▸ **Task item**
How many lines in the entries below include the word "front"? Respond with the number only.

▸ **Input records**
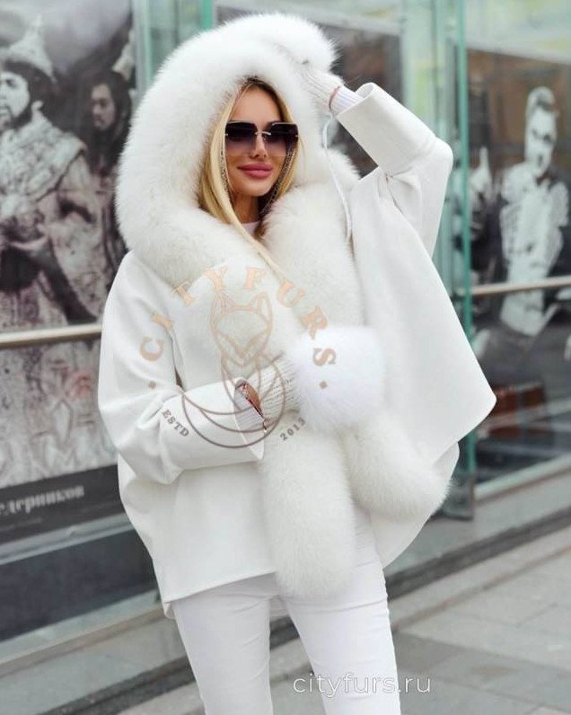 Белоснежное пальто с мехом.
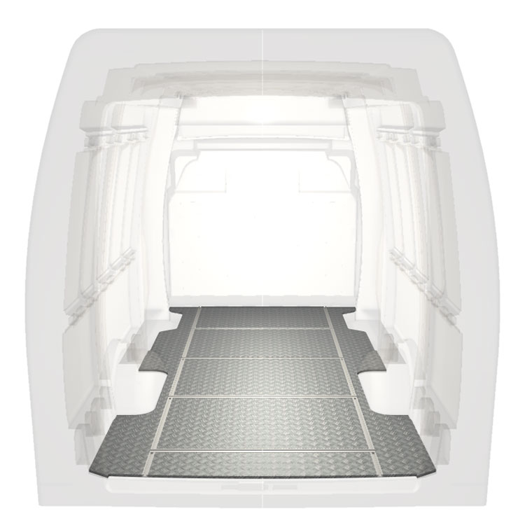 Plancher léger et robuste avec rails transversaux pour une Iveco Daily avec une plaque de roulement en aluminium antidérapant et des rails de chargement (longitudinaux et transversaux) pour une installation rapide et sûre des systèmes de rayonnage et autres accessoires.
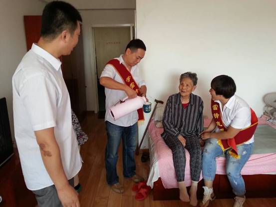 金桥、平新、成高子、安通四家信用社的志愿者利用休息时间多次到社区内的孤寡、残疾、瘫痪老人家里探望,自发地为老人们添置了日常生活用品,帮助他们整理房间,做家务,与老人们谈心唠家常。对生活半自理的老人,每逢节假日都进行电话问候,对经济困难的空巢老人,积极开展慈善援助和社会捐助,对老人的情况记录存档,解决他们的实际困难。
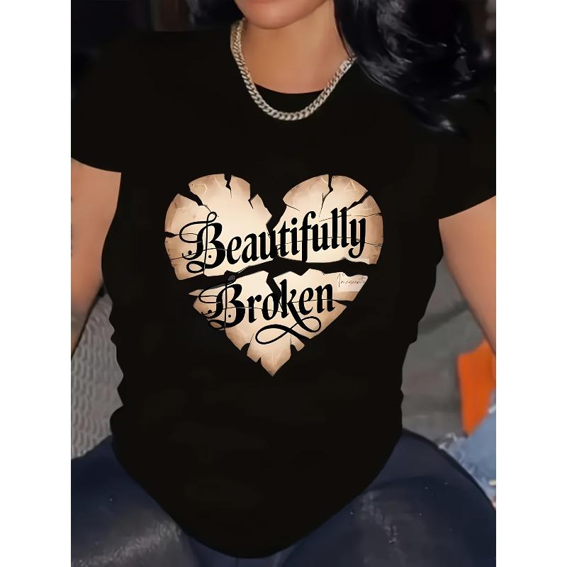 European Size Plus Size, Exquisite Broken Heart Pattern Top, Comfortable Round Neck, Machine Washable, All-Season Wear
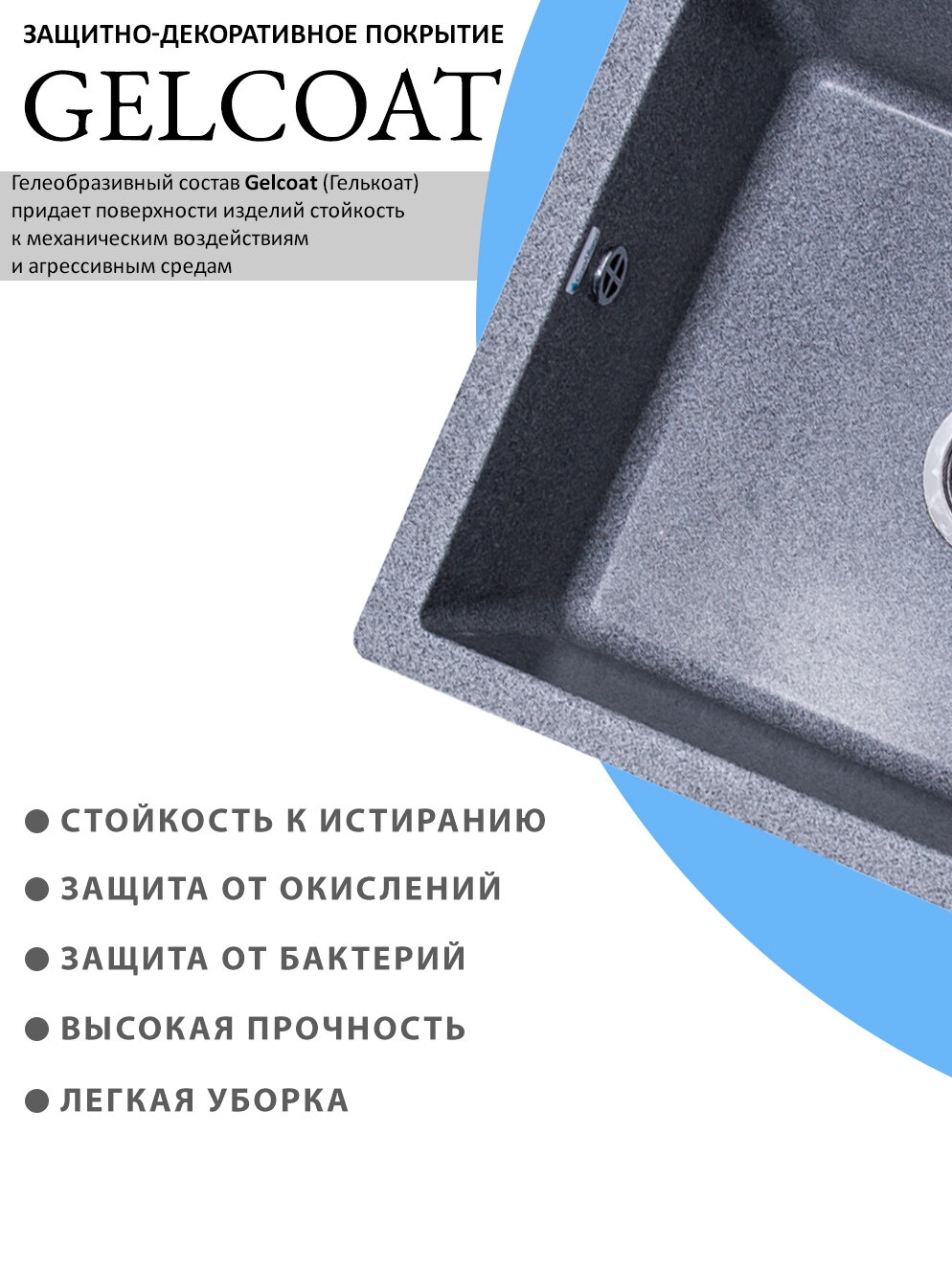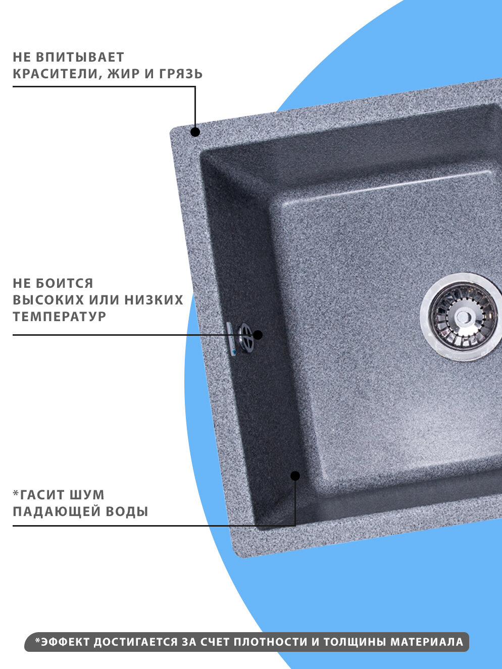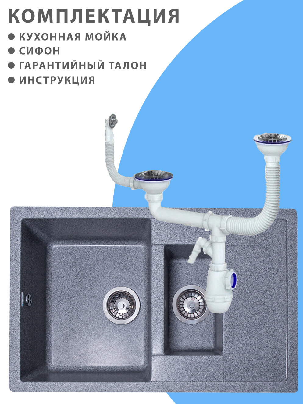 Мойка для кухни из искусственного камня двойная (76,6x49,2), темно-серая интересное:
--
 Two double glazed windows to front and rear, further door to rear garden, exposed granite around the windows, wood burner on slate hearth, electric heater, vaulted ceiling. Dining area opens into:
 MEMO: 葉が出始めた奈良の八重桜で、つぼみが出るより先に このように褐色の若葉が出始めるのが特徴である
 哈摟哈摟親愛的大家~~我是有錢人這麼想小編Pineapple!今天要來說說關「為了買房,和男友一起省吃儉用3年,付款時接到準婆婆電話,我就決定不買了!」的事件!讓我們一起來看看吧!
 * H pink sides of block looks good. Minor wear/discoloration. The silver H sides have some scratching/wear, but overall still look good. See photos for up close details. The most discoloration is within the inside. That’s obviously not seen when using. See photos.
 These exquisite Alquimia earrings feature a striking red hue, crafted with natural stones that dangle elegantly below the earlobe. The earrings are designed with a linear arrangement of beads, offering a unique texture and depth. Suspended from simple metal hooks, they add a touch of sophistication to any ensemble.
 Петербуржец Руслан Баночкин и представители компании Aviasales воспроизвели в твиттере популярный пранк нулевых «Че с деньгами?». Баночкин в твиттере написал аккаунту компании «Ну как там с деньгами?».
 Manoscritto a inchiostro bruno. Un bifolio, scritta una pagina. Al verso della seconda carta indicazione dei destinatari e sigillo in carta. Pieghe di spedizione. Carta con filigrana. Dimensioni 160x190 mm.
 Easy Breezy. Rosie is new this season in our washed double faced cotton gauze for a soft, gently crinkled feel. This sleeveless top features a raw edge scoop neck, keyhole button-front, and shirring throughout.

▸ **Solution for this task**
2